Great post. I can definitely make use of this technique for my own project. There's one piece missing for me though. My events are loaded from log files generated by my web app. Because of this, I process a log file at a time. Have you thought about how to handle sessions that span log files?

Scott Thornton said...

Yes you will have to merge files for a block of time.

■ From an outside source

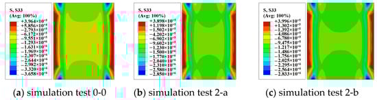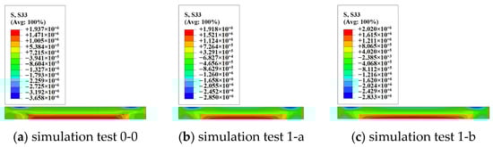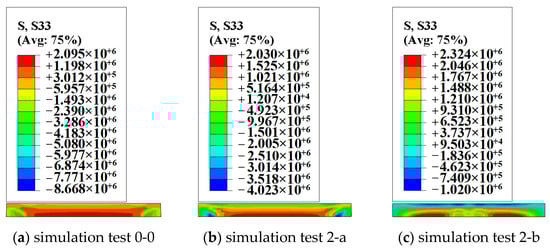 We obtained the S33 stress nephogram of the deck with three spans along the thickness direction, as shown in Figure 13. It can be observed that compared with the simulation tests 0-0 and 1-a, the tensile stress at the bottom of the SCC-LS in the simulation test 1-b was larger, reaching 2.02 MPa (not exceeding the standard value of the ultimate tensile strength of C35 concrete of 2.39 MPa, but close to it). The max compressive stress (2.85 MPa, 2.83 MPa) of the SCC-LS in the simulation test 1-a and simulation test 1-B was 22.1% and 22.7% less, respectively, than that of the simulation test 0-0 (3.66 MPa). It can be inferred that the crack prevention performance was better when the length of the link slab was equal to the distance between the bearing centerlines at the adjacent ends of the beam.

Also, if you process files for 3 o'clock and then process more files at 4 o'clock etc... you will need to keep track of floating sessions that are not closed from the previous process effort.

CALOi said...

The last SELECT statement appears to be incomplete. What condition should go into

:
WHERE c.RowID <> _ ?
:

Scott Thornton said...

Some how the post screwed it up. thanks for the feed back. I've now fixed it.